### The records ###
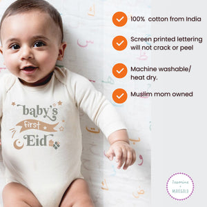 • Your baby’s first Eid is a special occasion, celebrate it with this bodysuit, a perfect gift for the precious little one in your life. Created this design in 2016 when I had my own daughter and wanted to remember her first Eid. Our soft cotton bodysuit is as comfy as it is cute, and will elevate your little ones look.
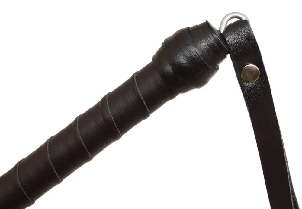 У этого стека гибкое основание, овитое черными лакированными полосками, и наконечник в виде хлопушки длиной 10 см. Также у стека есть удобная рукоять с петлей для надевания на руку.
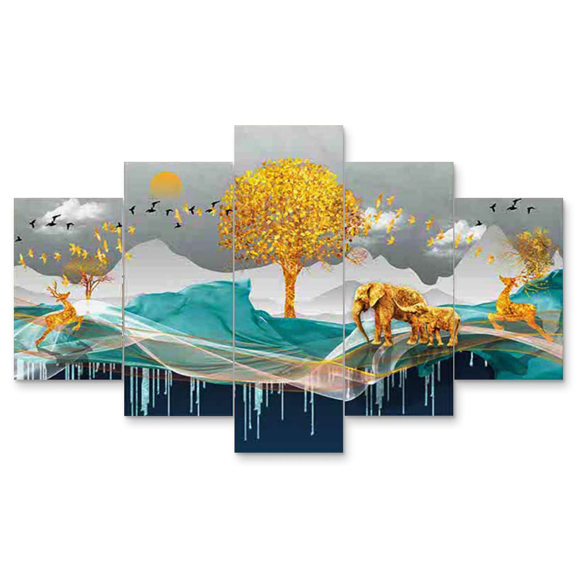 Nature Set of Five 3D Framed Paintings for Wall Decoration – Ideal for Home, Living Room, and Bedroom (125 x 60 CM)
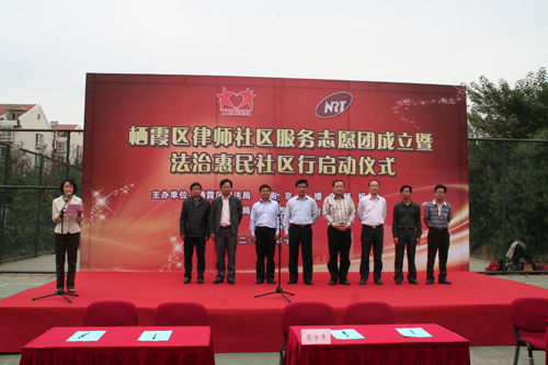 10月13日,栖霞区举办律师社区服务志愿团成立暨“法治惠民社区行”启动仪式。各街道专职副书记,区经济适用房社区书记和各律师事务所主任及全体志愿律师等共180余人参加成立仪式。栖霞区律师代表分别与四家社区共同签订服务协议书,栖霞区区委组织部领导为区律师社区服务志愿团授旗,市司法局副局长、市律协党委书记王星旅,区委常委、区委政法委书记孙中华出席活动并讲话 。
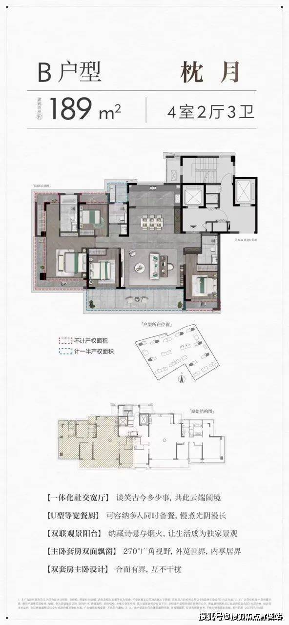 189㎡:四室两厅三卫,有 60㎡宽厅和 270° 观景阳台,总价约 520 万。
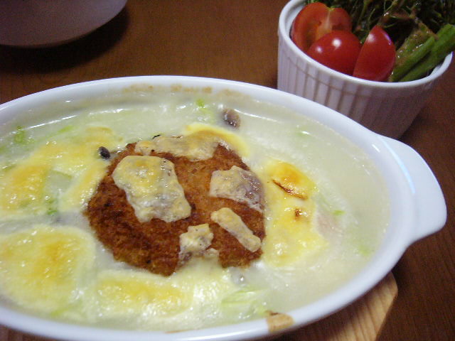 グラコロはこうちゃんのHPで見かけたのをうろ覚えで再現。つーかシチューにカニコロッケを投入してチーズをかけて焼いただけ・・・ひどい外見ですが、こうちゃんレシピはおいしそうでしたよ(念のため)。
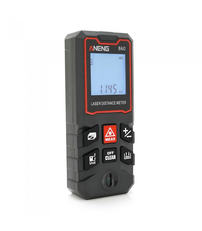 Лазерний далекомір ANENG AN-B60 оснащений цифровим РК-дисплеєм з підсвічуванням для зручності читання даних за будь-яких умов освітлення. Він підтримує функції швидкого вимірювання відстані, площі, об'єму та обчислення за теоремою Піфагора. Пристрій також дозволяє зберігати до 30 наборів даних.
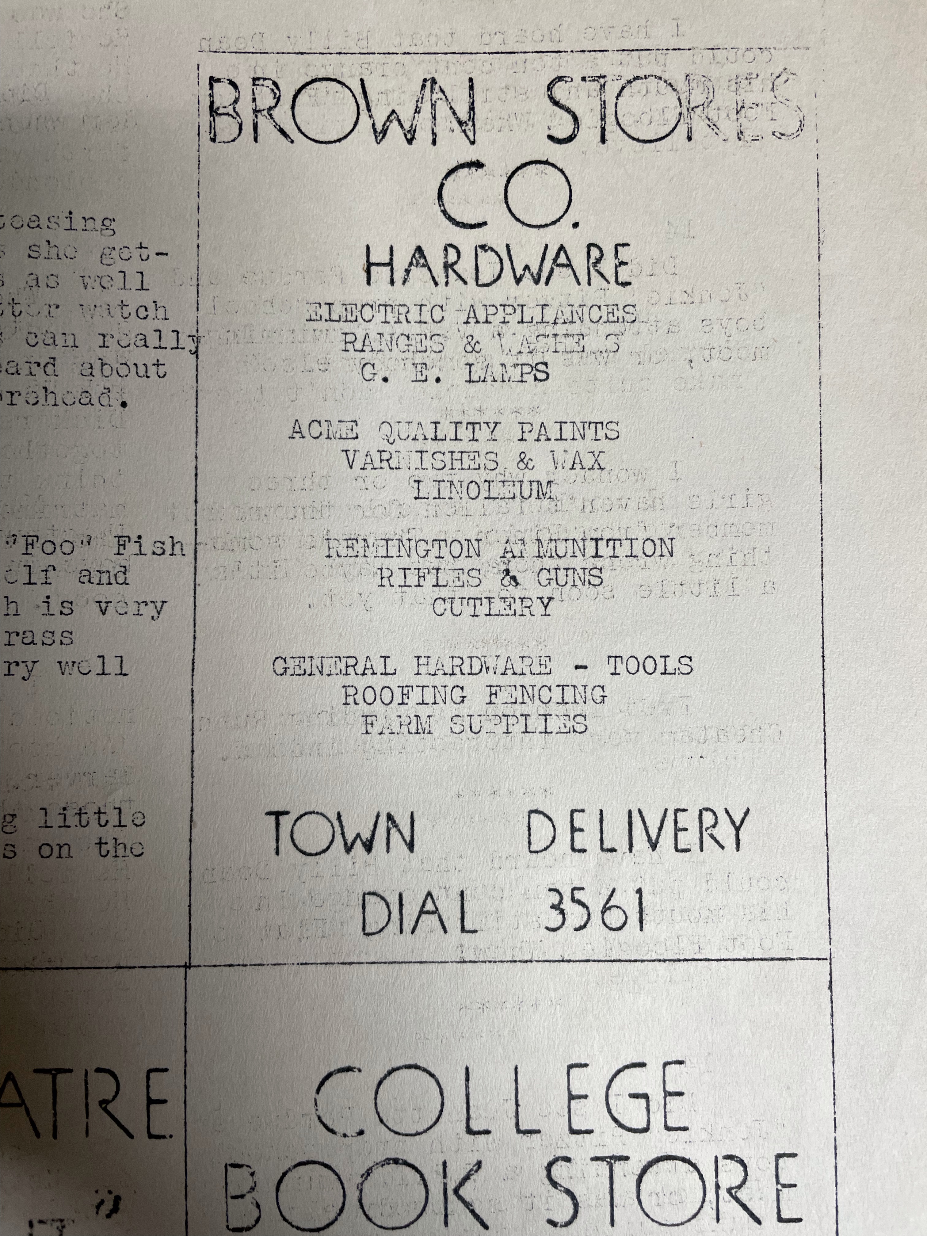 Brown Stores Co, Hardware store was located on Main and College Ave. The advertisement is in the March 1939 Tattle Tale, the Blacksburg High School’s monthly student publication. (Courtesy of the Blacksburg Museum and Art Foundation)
###
• [What is needed] Retype the whole of the data verbatim. Skip every picture.

• [Written answer]
 • Your baby’s first Eid is a special occasion, celebrate it with this bodysuit, a perfect gift for the precious little one in your life. Created this design in 2016 when I had my own daughter and wanted to remember her first Eid. Our soft cotton bodysuit is as comfy as it is cute, and will elevate your little ones look.
 У этого стека гибкое основание, овитое черными лакированными полосками, и наконечник в виде хлопушки длиной 10 см. Также у стека есть удобная рукоять с петлей для надевания на руку.
 Nature Set of Five 3D Framed Paintings for Wall Decoration – Ideal for Home, Living Room, and Bedroom (125 x 60 CM)
 10月13日,栖霞区举办律师社区服务志愿团成立暨“法治惠民社区行”启动仪式。各街道专职副书记,区经济适用房社区书记和各律师事务所主任及全体志愿律师等共180余人参加成立仪式。栖霞区律师代表分别与四家社区共同签订服务协议书,栖霞区区委组织部领导为区律师社区服务志愿团授旗,市司法局副局长、市律协党委书记王星旅,区委常委、区委政法委书记孙中华出席活动并讲话 。
 189㎡:四室两厅三卫,有 60㎡宽厅和 270° 观景阳台,总价约 520 万。
 グラコロはこうちゃんのHPで見かけたのをうろ覚えで再現。つーかシチューにカニコロッケを投入してチーズをかけて焼いただけ・・・ひどい外見ですが、こうちゃんレシピはおいしそうでしたよ(念のため)。
 Лазерний далекомір ANENG AN-B60 оснащений цифровим РК-дисплеєм з підсвічуванням для зручності читання даних за будь-яких умов освітлення. Він підтримує функції швидкого вимірювання відстані, площі, об'єму та обчислення за теоремою Піфагора. Пристрій також дозволяє зберігати до 30 наборів даних.
 Brown Stores Co, Hardware store was located on Main and College Ave. The advertisement is in the March 1939 Tattle Tale, the Blacksburg High School’s monthly student publication. (Courtesy of the Blacksburg Museum and Art Foundation)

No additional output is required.